2. If you aren't already, be sure that you're logging everything. Sometimes people forget about things like veggies, drinks, cooking oils, and condiments. For some people these can add up to enough to halt your weight loss progress.
3. Consider buying a food scale if you don't already have one. They're about $10-$20 dollars in the US and easily found at places like Amazon, Target, and Walmart. Measuring cups and spoons are great, but they do come with some degree of inaccuracy. A food scale will be more accurate, and for some people it makes a big difference.
4. Logging accurately also means choosing accurate entries in the database. There are a lot of user-entered entries that are off. Double-check that you're using good entries and/or using the recipe builder instead of someone else's homemade entries.
5. Recalculate your goals if you haven't lately. As you lose weight your body requires fewer calories to run. Be sure you update your goals every ten pounds or so.
6. If you're eating back your exercise calories and you're relying on gym machine readouts or MFP's estimates, it might be best to eat back just 50-75% of those. Certain activities tend to be overestimated. If you're using an HRM or activity tracker, it might be a good idea to look into their accuracy and be sure that yours is calibrated properly.
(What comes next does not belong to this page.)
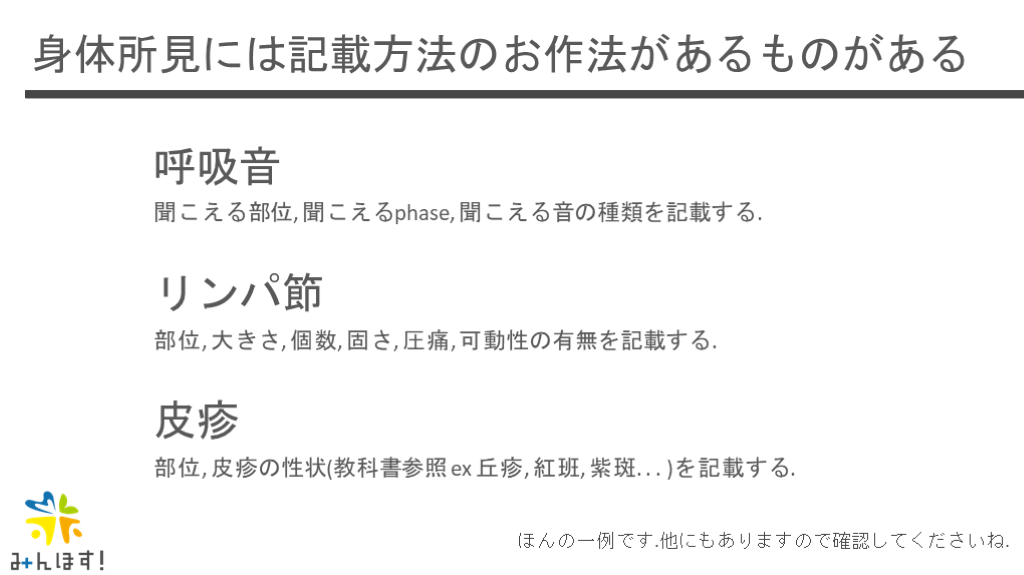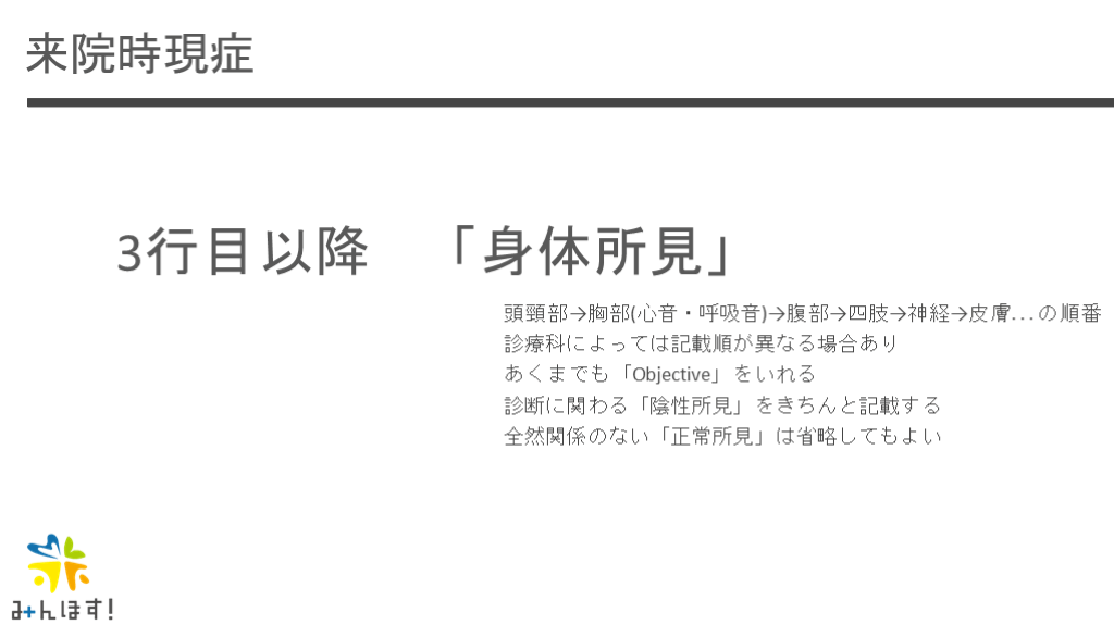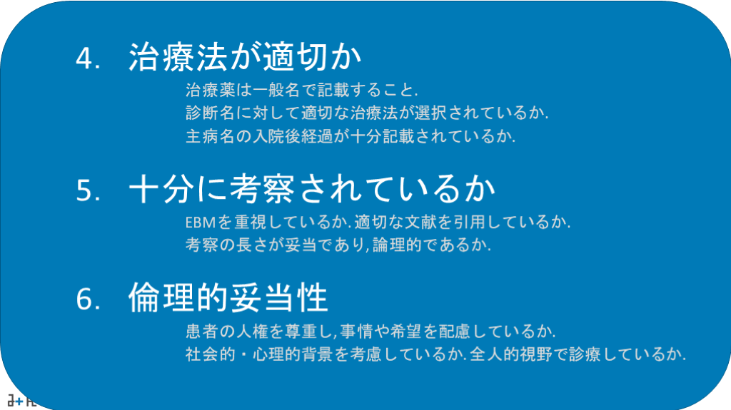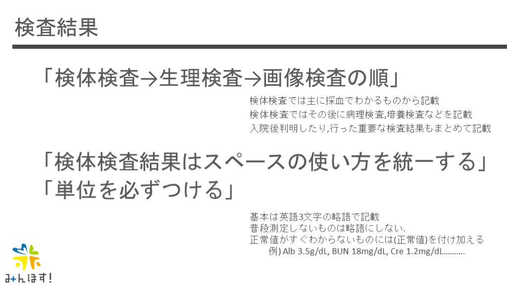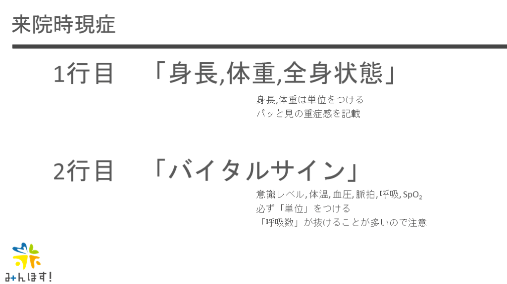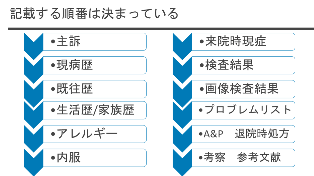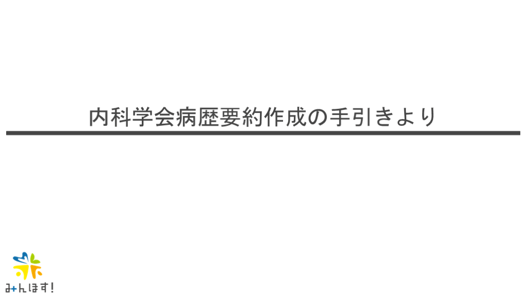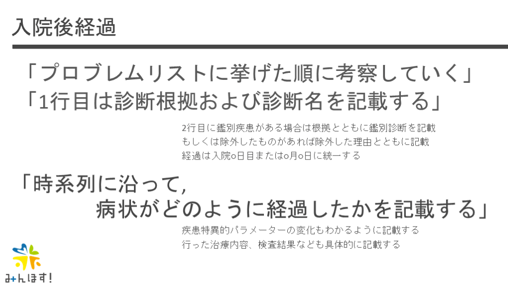 「1行目は診断根拠および診断名を記載する」 2行目に鑑別疾患がある場合は根拠とともに鑑別診断を記載 もしくは除外したものがあれば除外した理由とともに記載 経過は入院○日目または○月○日に統一する 「時系列に沿って, 病状がどのように経過したかを記載する」 疾患特異的パラメーターの変化もわかるように記載する 行った治療内容、検査結果なども具体的に記載する

7. If you're taking any cheat days that go over your calorie limits, it might be best to cut them out for a few weeks and see what happens. Some people go way over their calorie needs without realizing it when they don't track.
8. If you weigh yourself frequently, consider using a program like trendweight to even out the fluctuations. You could be losing weight but just don't see it because of the daily ups and downs.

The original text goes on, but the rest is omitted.